← back to where I focus
01 Where I focus

Building production agents

An agent that dazzles in a demo and falls over in production isn't an agent — it's a liability. The real work is memory, state, and orchestration: the architecture that makes autonomy dependable when no one's watching.

Demo-perfect, production-fragile

Almost every agent demo works. That’s the trap. A scripted path, a clean input, a forgiving audience — anything looks autonomous for ten minutes. Production is the opposite: messy inputs, half-failed tool calls, state that has to survive a restart, and nobody watching at 3am. The gap between the two isn’t the model. It’s the architecture around it.

That architecture is what I build.

The three things that make an agent dependable

The harness, not the prompt

I think of this as harness engineering: the engineered loop the model runs inside — plan, gather context, reason, act, observe, learn — going around a thousand times a night across a fleet. The model owns one beat. The other five are architecture, and they’re where projects live or die.

Get the harness right and the model becomes a config value: you swap it in an afternoon, and everything you built around it keeps working. Get it wrong and you have a clever demo that falls over the first time a tool call times out.
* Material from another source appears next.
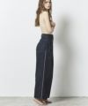 セルビッチデニムの耳をデザインに取り込む際に、セルビッチと分かるようなさりげない使い方ではなく、「視覚的に強いデザイン部分が耳だった」という使い方になるように考えました。 またジーンズ特有のディテールをある程度残したまま、デニムの素材感を活かした特徴あるシルエットを作りたかったので、ポケット口にタックを取り、通常のタックトラウザーとは違うシルエットになるようにしました。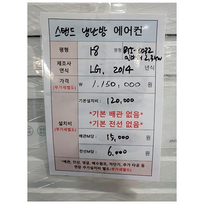 18평, LG, 2014년, 인버터2.3키로, BYI-0032, 설치비별도

Security is a property of the build

Because agents act, the threat model is real — prompt injection, over-broad tokens, irreversible tool calls. I treat every input as hostile, give each agent its own scoped identity and short-lived credentials, classify every tool by blast radius, and put high-impact actions behind approval. But this is built into the architecture, not bolted on afterwards. A dependable agent is a secure agent, because both come from the same discipline: knowing exactly what the system can do, and proving it.

What it unlocks

When the architecture is right, autonomy stops being scary. You can give an agent more scope because you can see what it’s doing, stop it when you need to, and trust that it will pick up cleanly when something fails. Dependable beats impressive every time the demo ends and the real work starts.